Ночь над Москвой. Я шел среди Москвы,
в которой в эту пору много пьяных,
плывущих по морям своей тоски
к сухим метафизическим лианам…
Да, можно было вздеть свой взгляд горе',
развить успех и двинуться всем телом,
пускай не к Богу, но хотя бы к высоте,
в которой Он неразличим на белом…
Но я напился с мыслью о тебе,
рисуя эти буквы на стекле,
в кафе с названьем, призванным задеть
в душе не струнку, а оркестр в желудке…
Здесь андеграунд ходит в туалет
не руки мыть, а делать самокрутки.
В кафе. Красавицы как общий вид.
Какой-то хмырь, фашизм не принимая
по форме, об идее говорит…
Пустив кольцо из дыма, наблюдаю
как сей жених стремится охмурить
невесту – круглый край стакана.
Минздрав? Минздрав им обещает жизнь
недолгую в лучах самообмана.
Я так захвачен этой драмою, что мне
уже неважен общий вид в кафе.
Мишель, устав с другими говорить,
я думаю о нашей первой встрече,
о том, что мир – бидон противоречий
вербальных. Что других любить
намного проще, чем писать стишки…
Как первый танец под Агату Кристи
в реальность лучшую уводит мысли,
так для меня, амиго, ты…
А так… как мухи рвутся атомы во мне
к своим собратьям в высохшем гумне.
Нас, повторяю, много тут сидит.
Недалеко – арбатская святыня.
Пинк Флойд поет не здесь, а над пустыней,
где не звезда с звездою говорит,
а страсть.
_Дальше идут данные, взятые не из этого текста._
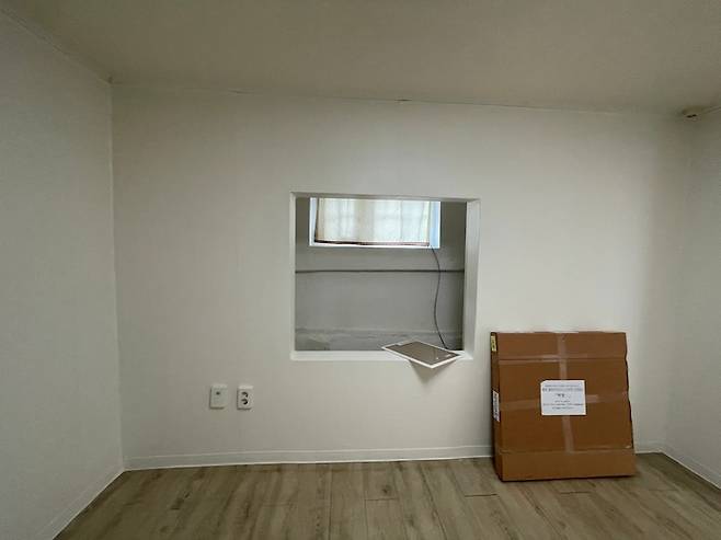 이사왔을 때의 벌거숭이 모습이에요! 다행이 벽지는 전 세입자분께서 화이트로 셀프시공을 해놓은 상태라 퀄리티가 좋진않아도 깔끔해서 수정할 필요가 없었어요~ 그리고 제가 이 집을 계약한 가장 큰 이유는 사진에 보이는 벽에 있습니다. 도무지 그 용도와 이유를 알 수 없는 벽의 구조… 누군가에겐 불편하고 이상하겠지만 제게는 너무나 귀여운 요소였어요.
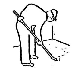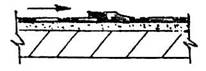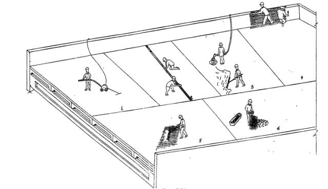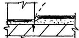 Основным механизмом, обеспечивающим дисперсное армирование стяжки, является пистолет-напылитель ЦНИИОМТП, нарезающий стекловолокно, поступающее из бобины, на отрезки 20-60 мм, разделяя при распылении на элементарные нити и равномерно распределяя в цементно-песчаном растворе. Цементные растворы в этом случае рационально использовать на основе расширяющихся гипсоглиноземистых или глиноземистых цементов с содержанием окиси кальция от 11 до 16 % по массе. Песок следует использовать кварцевый с модулем крупности не менее 2 и количеством глинистых частиц в песке не более 2 % по массе. В качестве пластифицирующих добавок рационально применять латексы синтетические СКС-65ГП марки "Б" или марки "К". Латексные добавки вводят в цементно-песчаный раствор из расчета 12-15 % от массы цемента. Для получения стяжки повышенной плотности рекомендуется фуриловый спирт, солянокислый анилин для его отверждения и хлористый кальций для ускорения твердения и полимеризации фурилового спирта. Для примера приведен состав раствора (в кг): - глиноземистый или гипсоглиноземистый цемент -1500; - фуриловый спирт - 36; - солянокислый анилин - 9; - хлористый кальций -15; -вода-540. 3.7. В цементно-песчаной стяжке основания допустимы трещины шириной до 0,3 мм, при большей ширине трещины в основании следует ремонтировать. 3.8. В сохранившейся стяжке трещины, выбоины и каверны уплотняют цементным раствором или полимерраствором; им же выполняют и выкружку в примыканиях к выступающим над крышей конструкциям (элементам). Выкружки следует выполнять из цементно-песчаного раствора на напрягающем цементе НЦ-20(40) или из полимерраствора (см. п. 1.15) с таким расчетом, чтобы переход от горизонтали к вертикали имел наклон около 45° шириной около 750 мм. При обнаружении пустот (каверн) в зоне сопряжения вертикальных поверхностей (стены, парапеты, шахты) их обязательно расчистить и уплотнить вышеуказанными растворами. 3.9. Металлические окрытия "фартуки" снимают (при выполнении кровли из мастик Абрис Ру и БСКМ окрытия не требуются), а "выдры" оштукатуривают полимерраствором (см. п. 1.12). 3.10. Скопившуюся на кровле воду удаляют, используя машины типа СО-222 или СО-160А (рис. 3.2), работающие по принципу вакуумного отсоса. 3.11. Для подсушки изолируемой поверхности рационально использовать горелки (рис. 3.3, 3.4). При незначительных объемах работ по подсушке поверхностей (отдельные "блюдца") можно пользоваться инжекционной горелкой (см. рис. 3.4). 3.12. Счистку наплывов мастики и нарезанных на полосы полотнищ рулонного "ковра" выполняют стальным скребком (рис. 3.5). 3.13. Обеспыливание старой стяжки выполняют с помощью струи сжатого воздуха от компрессора, оборудованного маслоотделителем. 3.14. Зачистку выступающих над крышей металлоконструкций и ограждений, а также расчистку старых швов в кровельных панелях рационально выполнять, используя реверсивную пневмощетку со сменными насадками (см. рис. 2.11). 3.15. Зачастую, при снятии старого кровельного покрытия, приходится счищать и стяжку, выполняя ее заново, при этом целесообразно подавать цементно-песчаный раствор растворонасосом, укладывая стяжку полосами шириной 2 м и длиной 6 м, заполняя их раствором через одну (рис. 3.6). После схватывания раствора, заполняют пропущенные полосы, при этом края готовых полос служат маяками, а начальные маяки-рейки (деревянные или металлические) об
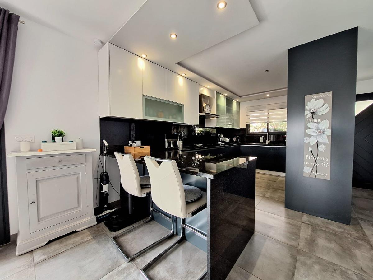 la villa offre un réel confort de vie avec des prestations haut de gamme tel que les baies coulissantes et menuiseries en aluminium double vitrage, la climatisation gainable, un adoucisseur d'eau, le ballon thermodynamique...
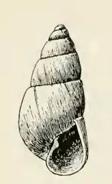 The elongate-conic shell is of medium size, measuring 6.1 mm. It is yellowish-white, the exterior surface marked by irregular tumescences, giving it a much worn appearance. The three whorls of the protoconch are deeply immersed, having their axis at about a right angle to the axis of the succeeding turns. The six whorls of the teleoconch are moderately well rounded and faintly shouldered at the summit. The sutures are simple and well marked. The periphery and the base of the body whorl is well rounded, the latter somewhat elongated. The umbilicus is faint. The pyriform aperture is quite large. The posterior angle is obtuse. The outer lip is moderately thick. The columella is very oblique, fairly strong, revolute, with a strong fold somewhat anterior to its insertion. The parietal wall is covered with a fairly strong callus.[4]
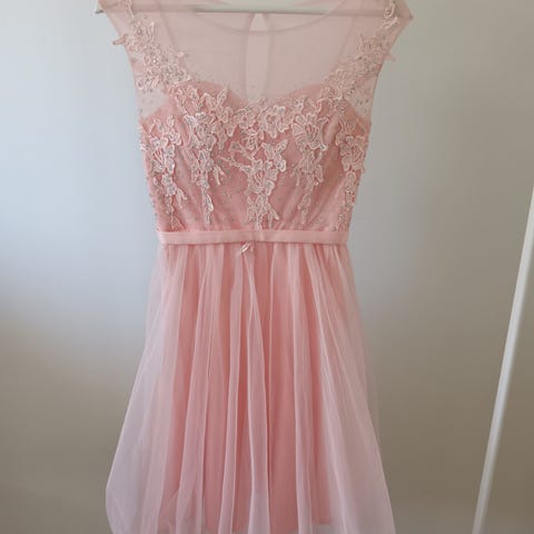 Ollut päällä yksissä rippijuhlissa, ei käytönjälkiä. Laput leikattu irti, mutta vastaa S kokoa. Mekon kokoa pystyy myös säätämään nyörien avulla. Kaksikerroksinen helma. Helman pituus 48cm.

Я думаю промеж «на ты
не перейти ль» и «может, сразу в койку»,
что наши добродетели и стойкость
не связаны с бессмертием души.
Что наше назначение и цель –
стать супергероями, Мишель.
Ах! каждому свое, Мишель. Смотреть
на жизнь, как на нейтральную подругу,
наверно, лучше: нету шансов завладеть
тобой вышеописанному зуду…
Жизнь состоит из солнца и воды,
рук, ног и проч., пропитанных слюною.
Плюс диалог одной души с другою
в преддверии полнейшей тишины.
Неслись машины по скрипучей мостовой,
не оставляя ничего в сознаньи,
помимо безразличья к жизни той,
которую скрывало расстоянье.
24 сентября 2005 г.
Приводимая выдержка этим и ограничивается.